The College Classroom is a lot of fun to teach. Occasionally, though, I get trapped in recursive teaching about teaching about teaching… loop that’s hard to escape.

  1. The course is about teaching.
  2. I’m teaching about teaching.
  3. I’m acutely aware that not only am I presenting ideas about teaching, I’m modelling how to do it. For example, I cannot *lecture* about benefits of student-centered instruction. Have you ever tried to write a peer instruction question about peer instruction? Now you’re starting to feel my pain…
  4. I have to remember, like a good instructor should, that my students are not (yet) experts in the subject and may not be aware of what I (or they) are doing. So, I regularly break out of character and fourth-wall with them, revealing what it is I’m doing and why. For example, the when we use whiteboards, I make sure everyone has their own colored pen (otherwise, he who holds the pen, holds the power) and I make sure I tell them that I made sure everyone has their own colored pen (otherwise…)
  5. Like a good instructor, I carefully plan the activities we do in class, thinking about what I can reasonably expect them to accomplish, how to efficiently run the activity, what resources are available, and so on. They don’t get to see that, though: I’m doing it in the days, hours (and minutes) before class begins. They should hear about that stuff, though, and I’ve started writing “behind the scenes” notes in the blog post, like this one, after each class. That’s teaching about teaching, too.
  6. This is forcing me to think about my thinking about teaching and they say metacognition is one of the keys to How People Learn. They also say you need to give your students opportunities to be practice being metacognitive. I’m doing that, on one of the teaching-about levels.
  7. And here I am, writing this post with the aspiration that it could help the next instructor who teaches such a course. Am I teaching about teaching about teaching?
On white: Who you really are

(Image: On white: Who you really are by James Jordan via Compfight on flickr CC)

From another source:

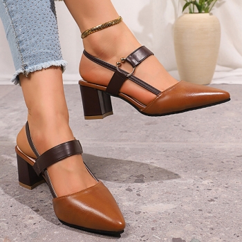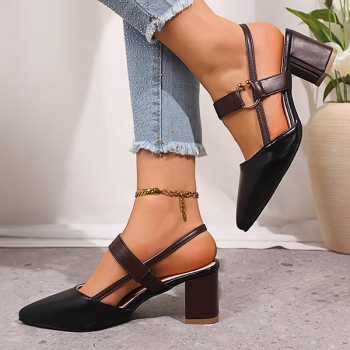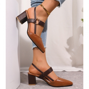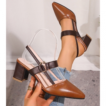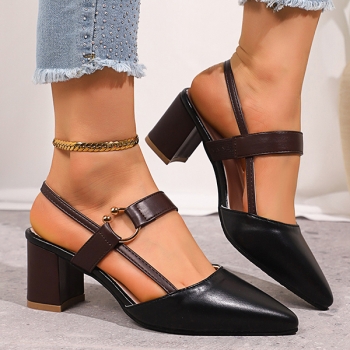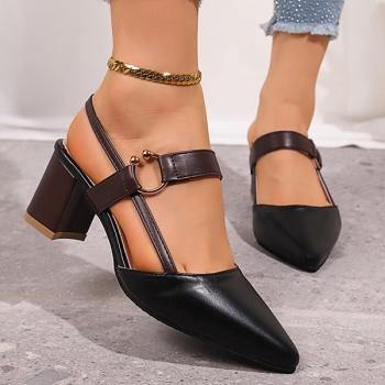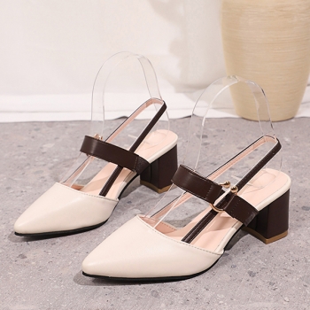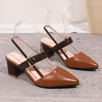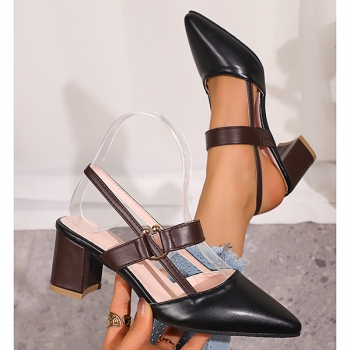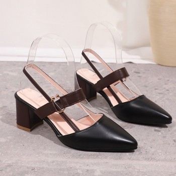 Fashion Contrast Color Pointed-toe Block Heeled Mary-jane Shoes

This is why I occasionally get paralyzed, hands poised above the keyboard in my office or fingers frozen over the clicker in class. This thing I’m about to do, which level of teaching is it, again?

Well, they can kick me out of the Teachers Club for giving away the stage secrets but I’m going to keep telling the College Classroom students what I’m doing and why. Teaching isn’t a purely theoretical endeavor. If I want the next wave of instructors to have theoretical and practical skills, they need to see it and hear it and practice it for themselves. That’s how people learn, after all.